Agents need both feedforward (guides like CLAUDE.md, architecture docs) and feedback (tests, linters, code review) controls
Harnessability of a codebase matters: strong types, clear modules, framework abstractions make it easier for agents
Agents provide computational (deterministic) and inferential (AI-based, probabilistic) execution
Human developers still provide “implicit harness” — absorbed conventions, organizational alignment, experienced judgment
The role of developers shifts from writing code to engineering the harness and validating high-level decisions
OpenAI Codex case study: 3 engineers, 5 months, 1M lines, zero handwritten code — proof point for agent-first development at scale
Anthropic multi-agent harness: Generator-Evaluator separation (GAN-inspired) for long-running tasks; self-evaluation bias is a real problem — agents overpaise their own work
Context anxiety: Claude Sonnet 4.5 prematurely wraps work as context limits approach — context resets outperform compaction for long tasks
Harness simplification: As models improve (Opus 4.6), harness scaffolding can be reduced — sprint decomposition removed when model handles longer coherence
Two failure modes for long tasks: Over-ambition (context exhaustion mid-feature) and premature completion (sees progress, declares done)
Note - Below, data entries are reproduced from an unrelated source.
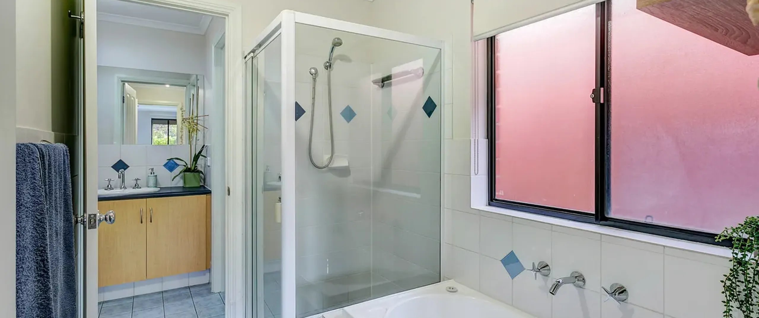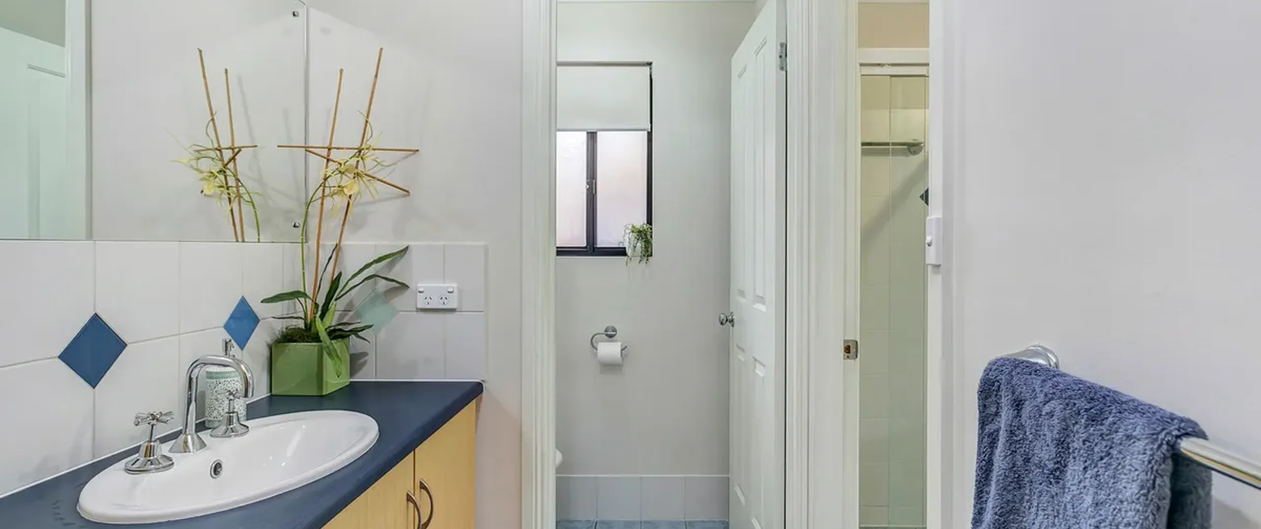 - Neat and tidy two-way bathroom with bath, separate shower and separate toilet
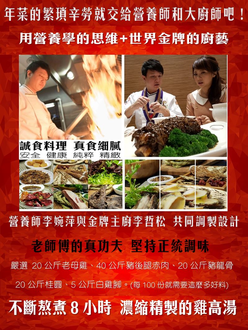 謝謝您購買經典健康年菜,對於食材的把關,料理的口味,我們一步都沒有退讓,希望您能吃到安全又美味的食物,是我們永遠都不會改變的初衷,因為每口食物都會成為我們身體的一部份,吃正確的食物,自然就會有健康的身體,這個簡單又重要的道理,卻常常被我們不經意的忽略了。
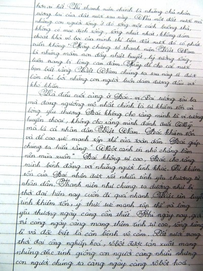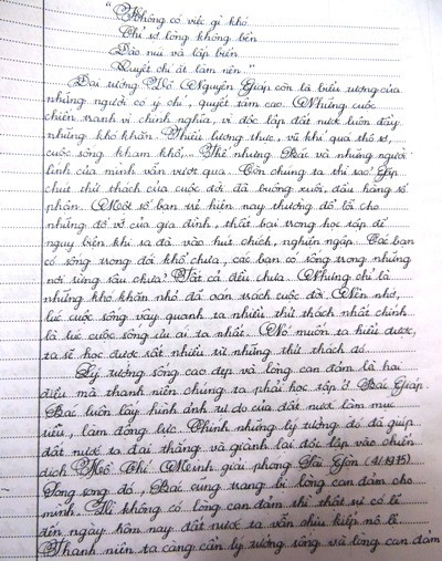 Đoạn văn trên trích từ bài văn vừa được trao giải Nhất cuộc thi "Văn hay chữ tốt" TPHCM lần thứ 14 của em Châu Huệ Mai, học sinh lớp 9/1, Trường THCS Hoàng Lê Kha (Q.6, TPHCM). Bài văn viết về lòng quả cảm, lý tưởng sống và đức hy sinh, khiêm tốn của cố Đại tướng Võ Nguyên Giáp.
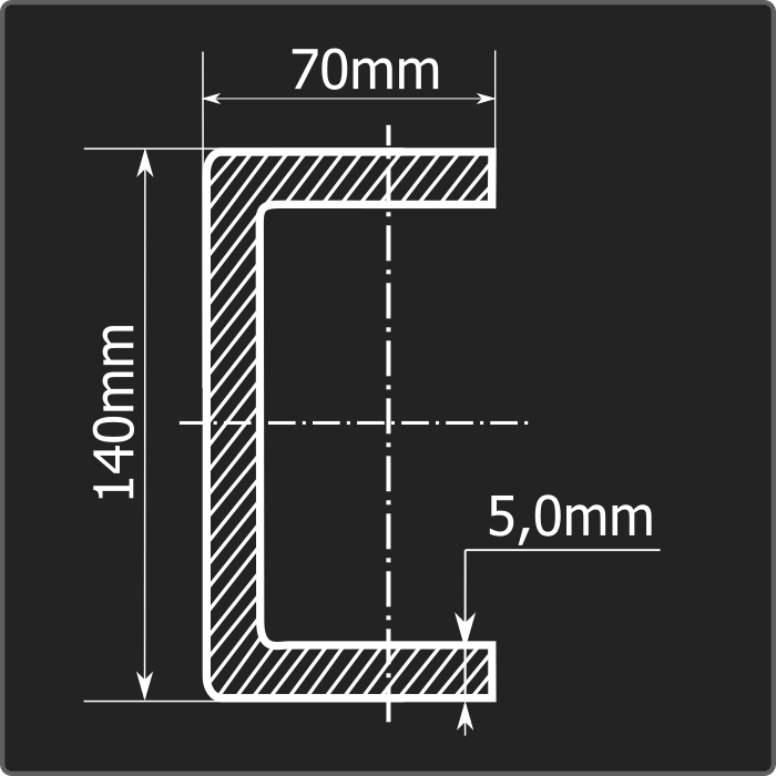 Швеллер стальной холоднокатаный гнутый равнополочный 140*70мм, толщиной 5,0мм и длиной 12м. Материал - углеродистая сталь. Соответствует требованиям ГОСТ 8278-83.

Session continuity via files: progress.txt + feature list JSON + init.sh = structured handoff between agent sessions
Meta-Harness: Automated harness search using a coding agent as optimizer — discovered harnesses outperform hand-engineered solutions and transfer across models (see Meta-Harness)
Six agentic patterns (Schluntz & Zhang): Augmented LLM → Prompt Chaining → Routing → Parallelization → Orchestrator-Workers → Evaluator-Optimizer — increasing complexity, start simple (see Agentic Patterns)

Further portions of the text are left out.